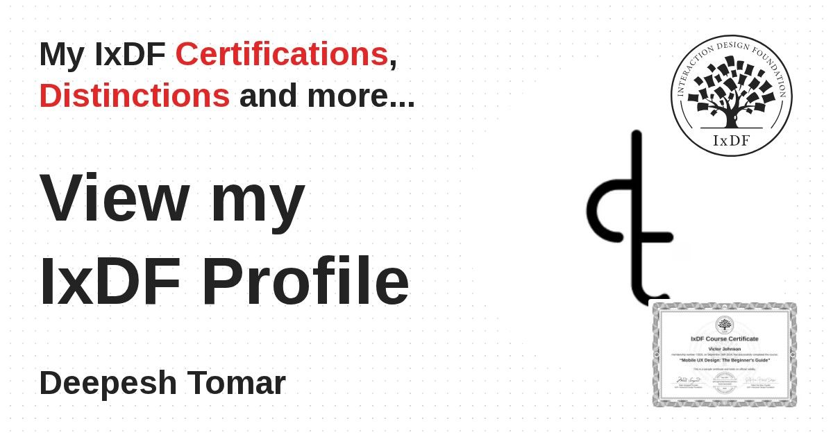 IxDF Course Certificates are awarded to Deepesh Tomar in formal recognition of their coursework surpassing the rigorous benchmarks of exceptional performance established by the IxDF Educational Codex.
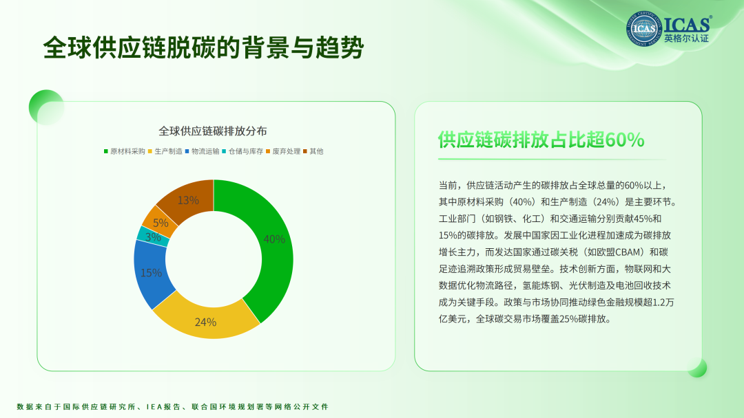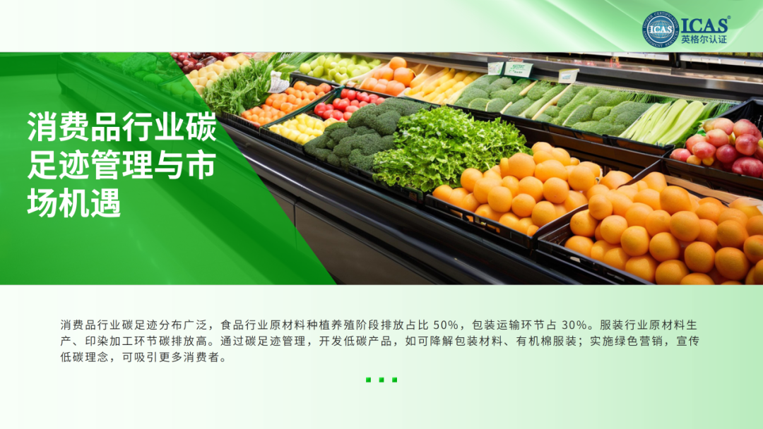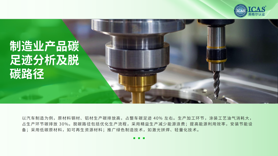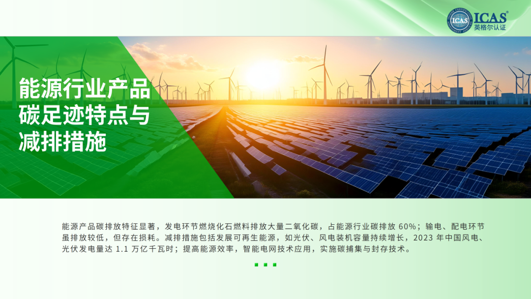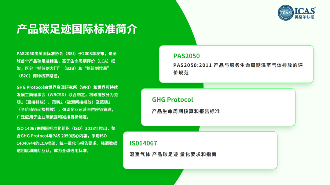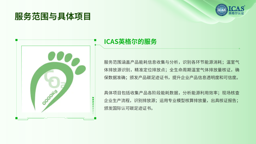 ICAS英格爾認證,作為全球可持續發展領域的踐行者,以“專業驅動變革”為使命,助力企業精準定位碳排放源,優化碳管理流程,實現綠色轉型,通過專業的團隊、科學的評估體系和國際認可的認證標準,ICAS英格爾為企業提供從碳足跡核算到減排策略制定的全方位支持。
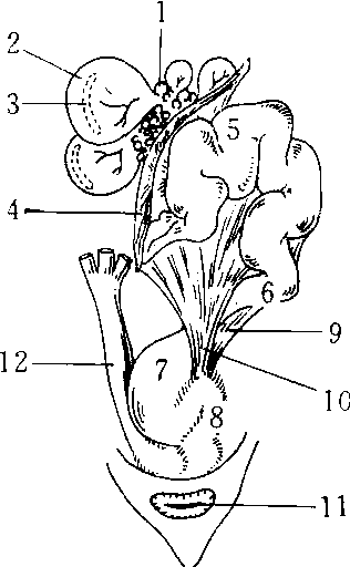 释义 | 输卵管shū luǎn guǎn女子或雌性动物生殖器官的一部分。1903年汪荣宝等《新尔雅·释生理》:“具卵巢、输卵管、子宫、膣、阴核及阴唇六者,为女子生殖器。”◇子管、喇叭管、卵[XCHAR[R201405004_FZSYK_F8A2]]。 输精管←→输卵管shū jīng guǎn ← → shū luǎn guǎn输精管:男子或雄性动物生殖器官的一部分。是将精子从睾丸输送到精囊里去的管道。 输卵管 输卵管输卵管为一对弯曲的长管,位于子宫阔韧带的上缘内,长约7—15厘米,其内侧端开口于子宫腔,为输卵管子宫口;外侧端游离,在卵巢附近开口于腹膜腔,称输卵管腹腔口。输卵管的管径由子宫至卵巢逐渐变粗,全长由内侧向外侧可分四部分:在子宫壁内的一段称子宫部或间质部;内侧1/3部管腔径较细,称输卵管峡;而外侧2/3部管径较粗,称输卵管壶腹;输卵管的卵巢端扩大,呈漏斗状,称输卵管漏斗或伞部,其游离缘有多数锯齿状突起,叫输卵管伞。输卵管的管壁有三层组织,最外层的浆膜层,中间的肌层及最内层的粘膜层。平时肌纤维收缩产生输卵管的蠕动,以协助卵子向宫腔移动;其粘膜的上皮细胞有纤毛,纤毛向子宫方向的摆动可帮助运送卵子。输卵管的生理作用是吸取卵巢排出的卵子。精子和卵子在输卵管内结合受精。输卵管输送卵子或受精卵进入子宫腔里。在临床上通常将输卵管和卵巢合称为子宫附件。 ☚ 卵巢 乳房 ☛ 输卵管 输卵管输卵管位于子宫两侧,是输送卵子到子宫去的管道,分漏斗部、壶腹部、峡部和子宫部。管壁由粘膜、肌层和浆膜三层组成。粘膜有许多纵行而分支的皱襞,壶腹部的皱襞最发达,高大而分支多,故管腔极不规则。至子宫部,皱襞渐趋减少。输卵管大部分粘膜上皮为单层柱状,含有纤毛细胞和分泌细胞。纤毛细胞以漏斗部和壶腹部最多,越近子宫部越少,纤毛向子宫方向摆动,有助于卵子向子宫移动。分泌细胞的分泌物构成输卵管液,有助于卵子向子宫移动和阻止外来的病菌进入腹腔。输卵管上皮细胞在卵巢雌激素和孕酮的影响下,也随月经周期而有变化。肌层为平滑肌,峡部最厚,分内环行平滑肌和外纵行平滑肌两层,但无明显分界。排卵时,输卵管伞的粘膜充血胀大,由于伞部肌肉的收缩,因而漏斗的开口与卵巢表面接近输卵管粘膜上皮的纤毛朝着子宫方向摆动,纤毛运动和肌层收缩作用将卵子向子宫推送。输卵管的主要功能是运送卵细胞和提供受精场所,它对精子的获能、受精卵的正常卵裂和生存都是很重要的。 ☚ 卵巢内分泌 月经 ☛ 输卵管 输卵管输卵管也是女性内生殖器的一部分。它是一对细长而弯曲的管子。其内侧与子宫角相通连,外端游离而与卵巢接近。全长约8—14厘米。输卵管为卵子与精子相遇的场所,受精后孕卵由输卵管向子宫腔运行。输卵管壁由三层构成:外层为浆膜层,为腹膜的一部分,中层为平滑肌层,当平滑肌收缩时,能引起输卵管由远端向近端蠕动。内层为粘膜层,有些上皮有纤毛可以摆动。平滑肌蠕动及纤毛摆动有助受精卵向宫腔运行。卵管上皮受性激素影响,也有周期性组织学变化,但不如子宫内膜明显。 ☚ 卵巢 骨盆 ☛ 输卵管uterine tubes动物体内输送卵子和早期胚胎的生殖管道。位于卵巢和子宫角之间,左右各一,管腔小而弯曲,其前端膨大为输卵管漏斗,中央开口称输卵管腹腔口,与腹膜腔相通。另一端有输卵管子宫口通子宫角。输卵管不仅能接纳、运输卵子,而且前 母鸡生殖器官 1.卵巢 2. 成熟卵泡 3. 卵泡斑 4. 漏斗 5. 膨大部 6. 峡 7. 子宫 8. 阴道 9.输卵管背侧韧带 10. 腹侧韧带 11. 肛门 输卵管oviduct系输送卵子的管道。输卵管左、右各一条,呈弯长的喇叭形管,在子宫阔韧带内,悬挂于骨盆侧壁与子宫侧缘间,长约7~15cm,外端开口于腹腔,称为输卵管腹腔口;内端开口于子宫腔,叫输卵管子宫口。输卵管由外向内可分4部:输卵管漏斗、输卵管壶腹、输卵管峡及子宫部。右侧输卵管、阑尾及右侧输尿管第二狭窄处均接近,故这些器官的疾病症状相似易发生混淆,诊断常发生困难,需注意鉴别。 输卵管一对细长而弯曲、形状如喇叭的管道,内侧起自子宫两角,外端游离与卵巢接近,为精子与卵子相遇的场所,并将孕卵输送入子宫腔,若受精卵停留在此生长,则形成输卵管妊娠。女性绝育常采用输卵管结扎术。 输卵管 输卵管人和动物体内输送卵细胞的生殖管道。人的输卵管位于盆腔内,左右各一,内端与子宫角相连通,外端游离,呈漏斗状,开口于腹腔,接受来自卵巢排出的卵细胞。卵子一般在输卵管内受精。管壁有平滑肌,管腔内面的粘膜有纤毛。平滑肌收缩和纤毛运动均可使卵细胞向子宫方向移动。 ☚ 卵巢 子宫 ☛ 输卵管uterine tubes为女性生殖器官,是一对弯曲的肌性管道。长8~12cm,位于子宫两侧,子宫阔韧带上缘内。内端开口于子宫腔,称子宫口;外端游离,以腹腔口开口于腹膜腔,由内向外可将输卵管分为子宫部、峡部、壶腹部和漏头部。漏斗部游离缘有许多指状突起,构成输卵管伞,是识别输卵管的重要标志。峡部最细,是结扎术的常用部位。通常将输卵管与卵巢合称为子宫附件。 输卵管 输卵管输卵管是一对输送卵细胞和进行受精过程的肌性管,长约10cm位于子宫阔韧带上缘内。输卵管从游离的外端转向内侧,分为输卵管漏斗、输卵管壶腹、输卵管峡和子宫部(子宫壁间部)(见“卵巢”条图),输卵管漏斗为该管末端扩大部,有小于1mm的输卵管腹腔口,该口开

• The task: Copy the data word for word and omit every picture.

• Final answer:
 IxDF Course Certificates are awarded to Deepesh Tomar in formal recognition of their coursework surpassing the rigorous benchmarks of exceptional performance established by the IxDF Educational Codex.
 ICAS英格爾認證,作為全球可持續發展領域的踐行者,以“專業驅動變革”為使命,助力企業精準定位碳排放源,優化碳管理流程,實現綠色轉型,通過專業的團隊、科學的評估體系和國際認可的認證標準,ICAS英格爾為企業提供從碳足跡核算到減排策略制定的全方位支持。
 释义 | 输卵管shū luǎn guǎn女子或雌性动物生殖器官的一部分。1903年汪荣宝等《新尔雅·释生理》:“具卵巢、输卵管、子宫、膣、阴核及阴唇六者,为女子生殖器。”◇子管、喇叭管、卵[XCHAR[R201405004_FZSYK_F8A2]]。 输精管←→输卵管shū jīng guǎn ← → shū luǎn guǎn输精管:男子或雄性动物生殖器官的一部分。是将精子从睾丸输送到精囊里去的管道。 输卵管 输卵管输卵管为一对弯曲的长管,位于子宫阔韧带的上缘内,长约7—15厘米,其内侧端开口于子宫腔,为输卵管子宫口;外侧端游离,在卵巢附近开口于腹膜腔,称输卵管腹腔口。输卵管的管径由子宫至卵巢逐渐变粗,全长由内侧向外侧可分四部分:在子宫壁内的一段称子宫部或间质部;内侧1/3部管腔径较细,称输卵管峡;而外侧2/3部管径较粗,称输卵管壶腹;输卵管的卵巢端扩大,呈漏斗状,称输卵管漏斗或伞部,其游离缘有多数锯齿状突起,叫输卵管伞。输卵管的管壁有三层组织,最外层的浆膜层,中间的肌层及最内层的粘膜层。平时肌纤维收缩产生输卵管的蠕动,以协助卵子向宫腔移动;其粘膜的上皮细胞有纤毛,纤毛向子宫方向的摆动可帮助运送卵子。输卵管的生理作用是吸取卵巢排出的卵子。精子和卵子在输卵管内结合受精。输卵管输送卵子或受精卵进入子宫腔里。在临床上通常将输卵管和卵巢合称为子宫附件。 ☚ 卵巢 乳房 ☛ 输卵管 输卵管输卵管位于子宫两侧,是输送卵子到子宫去的管道,分漏斗部、壶腹部、峡部和子宫部。管壁由粘膜、肌层和浆膜三层组成。粘膜有许多纵行而分支的皱襞,壶腹部的皱襞最发达,高大而分支多,故管腔极不规则。至子宫部,皱襞渐趋减少。输卵管大部分粘膜上皮为单层柱状,含有纤毛细胞和分泌细胞。纤毛细胞以漏斗部和壶腹部最多,越近子宫部越少,纤毛向子宫方向摆动,有助于卵子向子宫移动。分泌细胞的分泌物构成输卵管液,有助于卵子向子宫移动和阻止外来的病菌进入腹腔。输卵管上皮细胞在卵巢雌激素和孕酮的影响下,也随月经周期而有变化。肌层为平滑肌,峡部最厚,分内环行平滑肌和外纵行平滑肌两层,但无明显分界。排卵时,输卵管伞的粘膜充血胀大,由于伞部肌肉的收缩,因而漏斗的开口与卵巢表面接近输卵管粘膜上皮的纤毛朝着子宫方向摆动,纤毛运动和肌层收缩作用将卵子向子宫推送。输卵管的主要功能是运送卵细胞和提供受精场所,它对精子的获能、受精卵的正常卵裂和生存都是很重要的。 ☚ 卵巢内分泌 月经 ☛ 输卵管 输卵管输卵管也是女性内生殖器的一部分。它是一对细长而弯曲的管子。其内侧与子宫角相通连,外端游离而与卵巢接近。全长约8—14厘米。输卵管为卵子与精子相遇的场所,受精后孕卵由输卵管向子宫腔运行。输卵管壁由三层构成:外层为浆膜层,为腹膜的一部分,中层为平滑肌层,当平滑肌收缩时,能引起输卵管由远端向近端蠕动。内层为粘膜层,有些上皮有纤毛可以摆动。平滑肌蠕动及纤毛摆动有助受精卵向宫腔运行。卵管上皮受性激素影响,也有周期性组织学变化,但不如子宫内膜明显。 ☚ 卵巢 骨盆 ☛ 输卵管uterine tubes动物体内输送卵子和早期胚胎的生殖管道。位于卵巢和子宫角之间,左右各一,管腔小而弯曲,其前端膨大为输卵管漏斗,中央开口称输卵管腹腔口,与腹膜腔相通。另一端有输卵管子宫口通子宫角。输卵管不仅能接纳、运输卵子,而且前 母鸡生殖器官 1.卵巢 2. 成熟卵泡 3. 卵泡斑 4. 漏斗 5. 膨大部 6. 峡 7. 子宫 8. 阴道 9.输卵管背侧韧带 10. 腹侧韧带 11. 肛门 输卵管oviduct系输送卵子的管道。输卵管左、右各一条,呈弯长的喇叭形管,在子宫阔韧带内,悬挂于骨盆侧壁与子宫侧缘间,长约7~15cm,外端开口于腹腔,称为输卵管腹腔口;内端开口于子宫腔,叫输卵管子宫口。输卵管由外向内可分4部:输卵管漏斗、输卵管壶腹、输卵管峡及子宫部。右侧输卵管、阑尾及右侧输尿管第二狭窄处均接近,故这些器官的疾病症状相似易发生混淆,诊断常发生困难,需注意鉴别。 输卵管一对细长而弯曲、形状如喇叭的管道,内侧起自子宫两角,外端游离与卵巢接近,为精子与卵子相遇的场所,并将孕卵输送入子宫腔,若受精卵停留在此生长,则形成输卵管妊娠。女性绝育常采用输卵管结扎术。 输卵管 输卵管人和动物体内输送卵细胞的生殖管道。人的输卵管位于盆腔内,左右各一,内端与子宫角相连通,外端游离,呈漏斗状,开口于腹腔,接受来自卵巢排出的卵细胞。卵子一般在输卵管内受精。管壁有平滑肌,管腔内面的粘膜有纤毛。平滑肌收缩和纤毛运动均可使卵细胞向子宫方向移动。 ☚ 卵巢 子宫 ☛ 输卵管uterine tubes为女性生殖器官,是一对弯曲的肌性管道。长8~12cm,位于子宫两侧,子宫阔韧带上缘内。内端开口于子宫腔,称子宫口;外端游离,以腹腔口开口于腹膜腔,由内向外可将输卵管分为子宫部、峡部、壶腹部和漏头部。漏斗部游离缘有许多指状突起,构成输卵管伞,是识别输卵管的重要标志。峡部最细,是结扎术的常用部位。通常将输卵管与卵巢合称为子宫附件。 输卵管 输卵管输卵管是一对输送卵细胞和进行受精过程的肌性管,长约10cm位于子宫阔韧带上缘内。输卵管从游离的外端转向内侧,分为输卵管漏斗、输卵管壶腹、输卵管峡和子宫部(子宫壁间部)(见“卵巢”条图),输卵管漏斗为该管末端扩大部,有小于1mm的输卵管腹腔口,该口开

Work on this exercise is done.